After locating the line with "如遇強行入侵,電子圍欄將給予" below, output it and each following line exactly, stopping after the line with "Teile der persönlichen". No pictures.

▸ **DATA FOR PROCESSING**
------------------------------
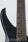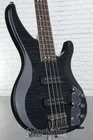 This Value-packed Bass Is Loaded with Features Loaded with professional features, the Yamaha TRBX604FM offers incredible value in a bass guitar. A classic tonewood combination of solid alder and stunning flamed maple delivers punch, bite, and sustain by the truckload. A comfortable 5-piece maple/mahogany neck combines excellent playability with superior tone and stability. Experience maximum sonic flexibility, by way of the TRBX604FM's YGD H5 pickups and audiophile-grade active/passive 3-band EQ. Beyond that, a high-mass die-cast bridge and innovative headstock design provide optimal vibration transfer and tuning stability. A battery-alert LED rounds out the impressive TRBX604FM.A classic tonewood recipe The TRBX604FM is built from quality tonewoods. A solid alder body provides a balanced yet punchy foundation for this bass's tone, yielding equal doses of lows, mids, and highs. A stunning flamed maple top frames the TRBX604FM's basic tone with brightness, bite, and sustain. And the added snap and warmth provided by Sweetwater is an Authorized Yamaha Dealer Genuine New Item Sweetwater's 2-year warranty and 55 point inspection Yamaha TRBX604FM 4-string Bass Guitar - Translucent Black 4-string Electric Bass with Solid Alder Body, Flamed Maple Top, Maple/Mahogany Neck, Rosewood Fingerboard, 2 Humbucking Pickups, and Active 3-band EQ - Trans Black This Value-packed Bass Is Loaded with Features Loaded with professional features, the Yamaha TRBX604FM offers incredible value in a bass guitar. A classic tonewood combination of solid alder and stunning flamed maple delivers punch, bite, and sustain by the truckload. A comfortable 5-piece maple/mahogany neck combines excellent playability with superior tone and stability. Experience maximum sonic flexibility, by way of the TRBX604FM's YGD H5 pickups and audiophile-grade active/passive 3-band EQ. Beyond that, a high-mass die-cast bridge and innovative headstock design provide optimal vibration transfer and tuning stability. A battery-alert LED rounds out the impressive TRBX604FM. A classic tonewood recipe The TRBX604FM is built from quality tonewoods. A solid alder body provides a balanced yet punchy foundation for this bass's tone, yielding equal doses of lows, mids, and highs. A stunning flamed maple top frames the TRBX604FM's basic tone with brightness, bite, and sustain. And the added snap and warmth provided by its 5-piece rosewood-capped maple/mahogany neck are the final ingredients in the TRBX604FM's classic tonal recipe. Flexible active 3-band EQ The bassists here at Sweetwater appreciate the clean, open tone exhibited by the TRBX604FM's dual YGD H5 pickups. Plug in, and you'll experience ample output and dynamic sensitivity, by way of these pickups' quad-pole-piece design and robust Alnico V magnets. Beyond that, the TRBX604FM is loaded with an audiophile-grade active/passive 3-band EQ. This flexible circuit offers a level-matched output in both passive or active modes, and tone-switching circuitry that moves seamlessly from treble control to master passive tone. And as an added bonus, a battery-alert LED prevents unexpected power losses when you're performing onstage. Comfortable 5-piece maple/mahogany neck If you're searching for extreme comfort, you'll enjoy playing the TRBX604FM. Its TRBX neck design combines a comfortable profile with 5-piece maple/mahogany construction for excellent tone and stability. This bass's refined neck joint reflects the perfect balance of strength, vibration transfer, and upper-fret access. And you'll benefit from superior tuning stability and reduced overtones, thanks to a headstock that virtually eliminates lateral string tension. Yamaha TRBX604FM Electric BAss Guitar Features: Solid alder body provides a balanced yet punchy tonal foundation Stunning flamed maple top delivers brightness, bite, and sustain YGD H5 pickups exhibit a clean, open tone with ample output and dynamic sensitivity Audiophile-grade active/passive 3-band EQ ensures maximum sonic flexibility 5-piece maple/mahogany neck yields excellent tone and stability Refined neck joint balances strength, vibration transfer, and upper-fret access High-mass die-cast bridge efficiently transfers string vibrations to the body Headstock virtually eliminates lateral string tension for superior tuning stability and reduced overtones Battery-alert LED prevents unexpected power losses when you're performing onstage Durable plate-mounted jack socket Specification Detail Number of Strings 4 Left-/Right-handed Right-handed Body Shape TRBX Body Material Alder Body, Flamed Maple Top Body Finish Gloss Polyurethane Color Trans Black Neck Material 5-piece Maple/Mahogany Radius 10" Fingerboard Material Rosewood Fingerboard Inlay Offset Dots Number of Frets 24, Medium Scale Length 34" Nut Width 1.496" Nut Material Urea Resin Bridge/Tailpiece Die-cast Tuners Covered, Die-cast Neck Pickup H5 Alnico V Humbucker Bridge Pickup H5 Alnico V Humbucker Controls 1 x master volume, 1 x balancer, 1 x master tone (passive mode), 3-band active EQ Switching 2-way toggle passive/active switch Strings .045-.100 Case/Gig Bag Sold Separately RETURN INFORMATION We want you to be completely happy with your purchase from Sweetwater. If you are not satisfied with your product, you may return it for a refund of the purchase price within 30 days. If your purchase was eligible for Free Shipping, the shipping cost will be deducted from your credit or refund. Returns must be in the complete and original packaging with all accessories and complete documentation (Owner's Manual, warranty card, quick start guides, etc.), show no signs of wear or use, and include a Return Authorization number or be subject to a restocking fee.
------------------------------
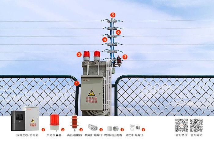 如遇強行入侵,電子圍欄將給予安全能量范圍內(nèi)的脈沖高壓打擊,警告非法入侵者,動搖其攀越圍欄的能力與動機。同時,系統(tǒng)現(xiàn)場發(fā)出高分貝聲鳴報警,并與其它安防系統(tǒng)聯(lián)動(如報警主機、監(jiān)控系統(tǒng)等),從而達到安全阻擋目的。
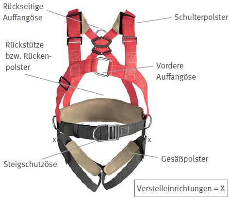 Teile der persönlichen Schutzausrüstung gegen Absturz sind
------------------------------
▸ **TASK RESPONSE**
 如遇強行入侵,電子圍欄將給予安全能量范圍內(nèi)的脈沖高壓打擊,警告非法入侵者,動搖其攀越圍欄的能力與動機。同時,系統(tǒng)現(xiàn)場發(fā)出高分貝聲鳴報警,并與其它安防系統(tǒng)聯(lián)動(如報警主機、監(jiān)控系統(tǒng)等),從而達到安全阻擋目的。
 Teile der persönlichen Schutzausrüstung gegen Absturz sind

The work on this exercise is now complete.